If we want to determine whether or not the difference between two distributions is statistically significant, we need to run a hypothesis test. **Before going further, for the question of “do first babies arrive early or arrive late”, formalize your analysis by writing down the null hypothesis**.

Next, use the pre-loaded `inference()`

function to run a hypothesis test for the difference in means of the `prglnth`

variable between the `first_births`

and `other_births`

datasets:

```
inference(y = prglngth, x = birth_order, data = pregnancy_length, type = "ht",
statistic = "mean", null = 0, alternative = "twosided",
order = c("first", "other"), method = "simulation",
show_eda_plot = FALSE)
```

Assume that we set our significance level to \(\alpha = 0.05\). Based on the outputted *p*-value, can we reject the null hypothesis?

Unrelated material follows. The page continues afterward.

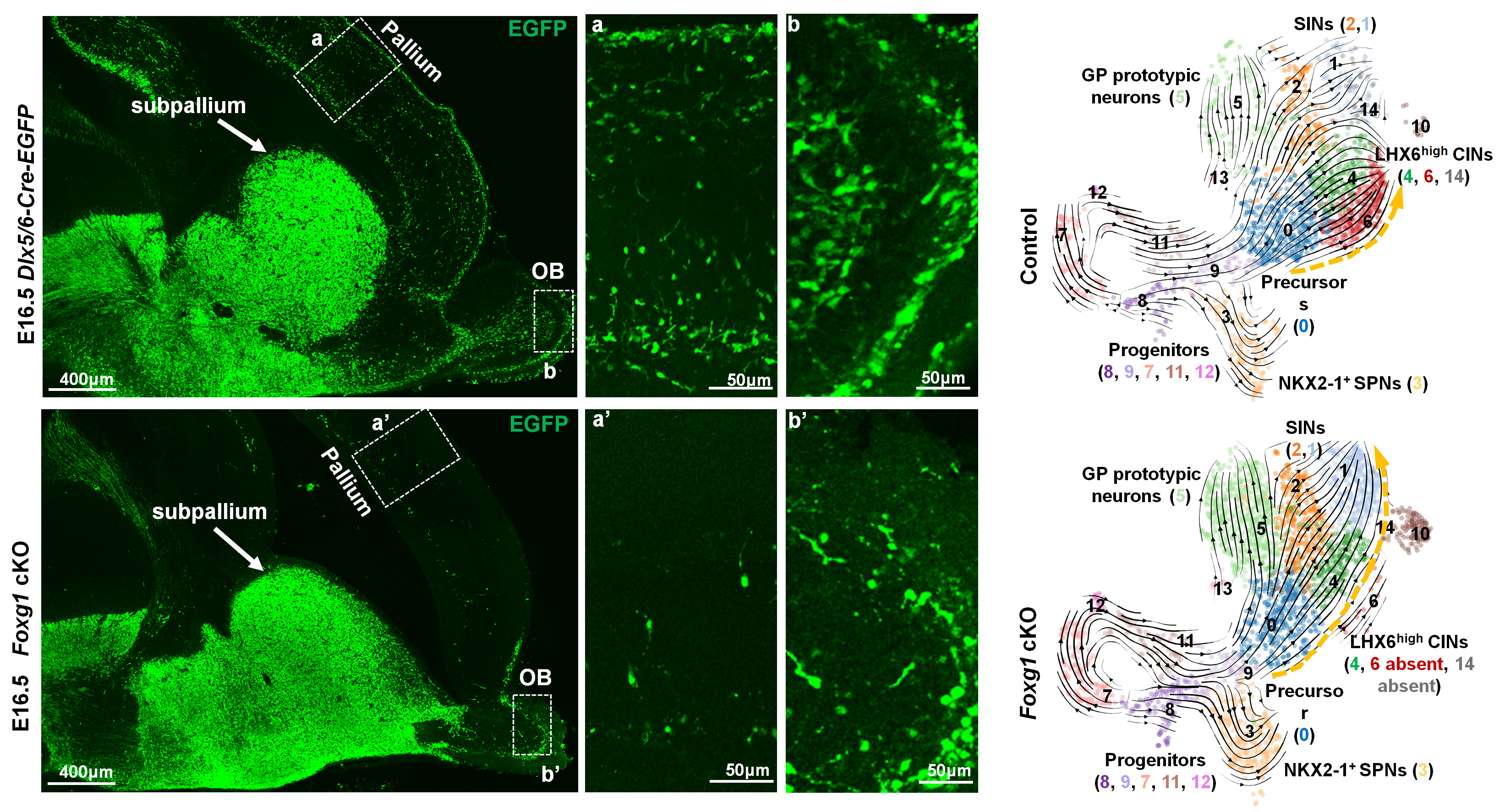 该研究首先通过Foxg1基因功能缺失结合scRNA-seq,发现缺失Foxg1导致内神经节隆起(MGE)产生的皮质LHX6high中间神经元倾向于获得皮质下区纹状体中间神经元和苍白球prototypic投射神经元的命运,而背外侧/尾侧神经节隆起(dLGE/CGE)起源的皮质PROX1high中间神经元和嗅球抑制性中间神经元倾向于获得皮质下球杏仁核GABA能神经元和苍白球arkypallidal投射神经元的命运。通过生物信息学手段解析了起源于MGEdLGE/CGE9GABA能神经元亚型的发育轨迹,鉴定了决定MGE谱系和dLGE/CGE谱系GABA能神经元命运抉择的关键调控因子,揭示了9GABA能神经元命运特化的调控机制。

For completeness, also compute the 95% confidence interval for the difference in means:

```
inference(y = prglngth, x = birth_order, data = pregnancy_length,
type = "ci", statistic = "mean", null = 0, method = "simulation",
order = c("first", "other"), boot_method = "perc",
show_eda_plot = FALSE)
```

Does the confidence interval overlap with the null value?

In addition to hypothesis tests and confidence intervals, we should also consider the **effect size**, which measures the relative difference between two distributions. The effect size helps us better know how important a given result actually is, not just whether or not we can reject the null hypothesis. One measure of the effect size is called Cohen’s *d*, which we will use to compute the effect size between the pregnancy lengths for first births and other births. The different ranges of *d* can be interpreted using the following table:

Effect size | d |
---|---|

Very small | 0.01 |

Small | 0.20 |

Medium | 0.50 |

Large | 0.80 |

Very large | 1.20 |

Huge | 2.00 |

The following set of functions should also be preloaded for you: `cohens_d_bootstrap()`

, `bootstrap_report()`

, and `plot_ci()`

. These functions will use bootstrap simulations to compute the confidence interval for the Cohen’s *d* parameter. Run the bootstrap simulation as follows:

`cohens_d_bootstrap(data = pregnancy_length, model = prglngth ~ birth_order)`

**Be sure to assign the results to a variable**, for example `bootstrap_results`

. Note that the input `model`

specifies how to split the data into categories. You put the response variable (`prglngth`

) on left side of a tilde `~`

, and the categorical explanatory variable (`birth_order`

) on the right side.

To print a report for the bootstrap simulation, run:

`bootstrap_report(bootstrap_results)`

To visualize the bootstrap distribution and confidence interval, run:

`plot_ci(bootstrap_results)`

Interpret the outputs from the Cohen’s *d* bootstrap simulation. How large is the effect size between the pregnancy length of `first`

births and `other`

births? Based on this and the previous hypothesis test, provide an answer the question “do first born children arrive early or late compared to other children?”

Use the inference tools and procedures that you practiced in the previous exercises to obtain an answer to the question “Do children born to mothers that reported smoking during their pregnancy either weigh more or weigh less than children born to non-smoking mothers?” To answer this question, you will need to start from the dataset stored in `live_births`

and work with the columns `totalwgt_lb`

and `postsmks`

. Please review the About the dataset section for information on what the values in those columns mean.

In order to properly answer the question, you will need to include:

A visual comparison of the two data distributions

Use the

`inference()`

function to run a hypothesis test and to compute the confidence intervalUse

`cohens_d_bootstrap()`

to compute and check the*effect size*.

At the end, write a paragraph that summarizes your results and provide an answer as to whether there is a connection between birth weights and smoking. Write the summary as if you are an academic or scientific journalist, focusing on how you can answer the question clearly, precisely, and honestly.